Lee was there for the entire hearing. He spoke for more than 10 minutes straight when it was his turn to talk, at times shouting into the room. He sat feet away from Cruz. He did not have a mask on when talking, and at times did not have it on when not talking.

The good news for Mike Lee is that he will have good health insurance provided by the American taxpayer. The bad news for tens of millions of people is that he’s working to ram through a midnight Supreme Court confirmation in part because he thinks the Supreme Court should take healthcare away from 30 million people based on legal arguments it would be charitable to call “frivolous.” Indeed, he believes that the Court was right to claim that Congress’s power to regulate interstate commerce clause did not extend to the shipment of goods made with child labor because [“Yakety Sax” playing on perpetual loop.] It’s not easier to get more nihilist and Social Darwinist that the author of Buck v. Bell,* but I’m confident Coney Barrett will rise to the challenge just like Lee.

One particularly grim fact is that a 6-3 Republican Supreme Court would have almost certainly struck down various state public health measures taken in response to COVID already. In closely related news, Wisconsin is currently one of the country’s worst hotspots.

*Holmes’s Lochner dissent gets all the press, but his dissent in Dagenhart is better. It might as well have been written in acid:

The notion that prohibition is any less prohibition when applied to things now thought evil I do not understand. But if there is any matter upon which civilized countries have agreed — far more unanimously than they have with regard to intoxicants and some other matters over which this country is now emotionally aroused — it is the evil of premature and excessive child labor. I should have thought that, if we were to introduce our own moral conceptions where in my opinion they do not belong, this was preeminently a case for upholding the exercise of all its powers by the United States.

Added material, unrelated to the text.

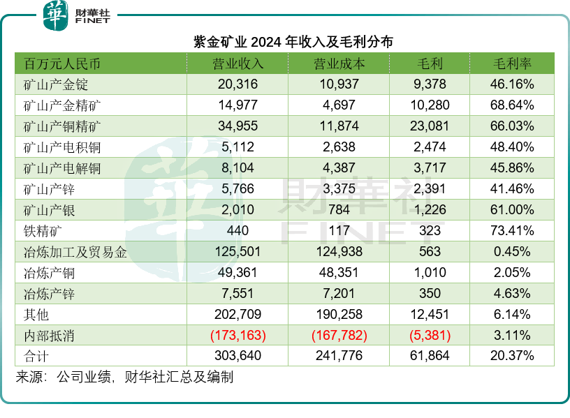 除了矿产业务外,紫金矿业还经营利润率偏低但走量的冶炼和贸易业务,这些利润较低的业务占了其收入的大比重,也因此,尽管紫金矿业的矿山产贵金属和基本金属业务毛利率高达40%、60%甚至70%,但是只有单位数毛利率的冶炼和贸易业务由于贡献更高,一下子将其整体毛利率拉低。

But I had thought that the propriety of the exercise of a power admitted to exist in some cases was for the consideration of Congress alone, and that this Court always had disavowed the right to intrude its judgment upon questions of policy or morals. It is not for this Court to pronounce when prohibition is necessary to regulation — if it ever may be necessary — to say that it is permissible as against strong drink, but not as against the product of ruined lives.

The act does not meddle with anything belonging to the States. They may regulate their internal affairs and their domestic commerce as they like. But when they seek to send their products across the state line, they are no longer within their rights. If there were no Constitution and no Congress, their power to cross the line would depend upon their neighbors. Under the Constitution, such commerce belongs not to the States, but to Congress to regulate. It may carry out its views of public policy whatever indirect effect they may have upon the activities of the States. Instead of being encountered by a prohibitive tariff at her boundaries, the State encounters the public policy of the United States, which it is for Congress to express. The public policy of the United States is shaped with a view to the benefit of the nation as a whole. If, as has been the case within the memory of men still living, a State should take a different view of the propriety of sustaining a lottery from that which generally prevails, I cannot believe that the fact would require a different decision from that reached in Champion v. Ames. Yet, in that case, it would be said with quite as much force as in this that Congress was attempting to intermeddle with the State’s domestic affairs. The national welfare, as understood by Congress, may require a different attitude within its sphere from that of some self-seeking State. It seems to me entirely constitutional for Congress to enforce its understanding by all the means at its command.